# Swiss army knife stays Swiss



## Blackadder1916 (9 Sep 2008)

*Swiss army knife stays Swiss*

AFP  Published: Monday, September 08, 2008

GENEVA - The Swiss army will keep getting its Swiss army knives from a Swiss manufacturer, after Victorinox beat Chinese and other foreign rivals to retain the contract.

"Victorinox will produce the new soldier's knife for the Swiss armed forces" after offering taxpayers "the best price-performance ratio," the Swiss defence ministry's technology department said Monday in a statement.

The right to supply Swiss army knives - standard issue to all Swiss soldiers since 1961, and perhaps the most famous pocket knife in the world - was opened to tender in February, in a move that stunned many Swiss.

They felt that such a national symbol must not be made outside Switzerland, and Alois Kessler, a politician from Canton Schwyz where Victorinox is headquartered, launched a petition to keep manufacturing local.

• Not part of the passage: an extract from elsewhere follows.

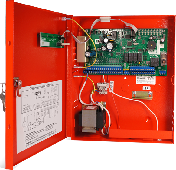 Может управлять технологическим оборудованием (вентиляция, лифты и т.д.) при помощи встроенного реле

In the end, seven manufacturers in Switzerland and abroad, including China, submitted bids.

The order for 75,000 knives - the Swiss military favours an aluminium-handled version with a large blade, can opener-cum-screwdriver, leather punch and bottle opener - is worth 1.38 million Swiss francs ($1.23 million).


----------



## The Bread Guy (9 Sep 2008)

And, according to the company, here's what it's going to look like....







A bit more on the company's news release here.


----------



## GAP (9 Sep 2008)

No spoon or scissors, but nice looking.....


----------



## Harley Sailor (10 Sep 2008)

They sure tamed that down a lot from the ones I had as a youngster


----------



## NL_engineer (10 Sep 2008)

Looks nothing like my 3  :

Guess I will have to get one for my Tac Vest


----------



## Neill McKay (10 Sep 2008)

There used to be two companies in Switzerland that made knives for the Swiss army: Victorinox and Wenger.  Victorinox now owns Wenger; I wonder if the effective monopoly was part of the motivation for opening the contract up for tender?


----------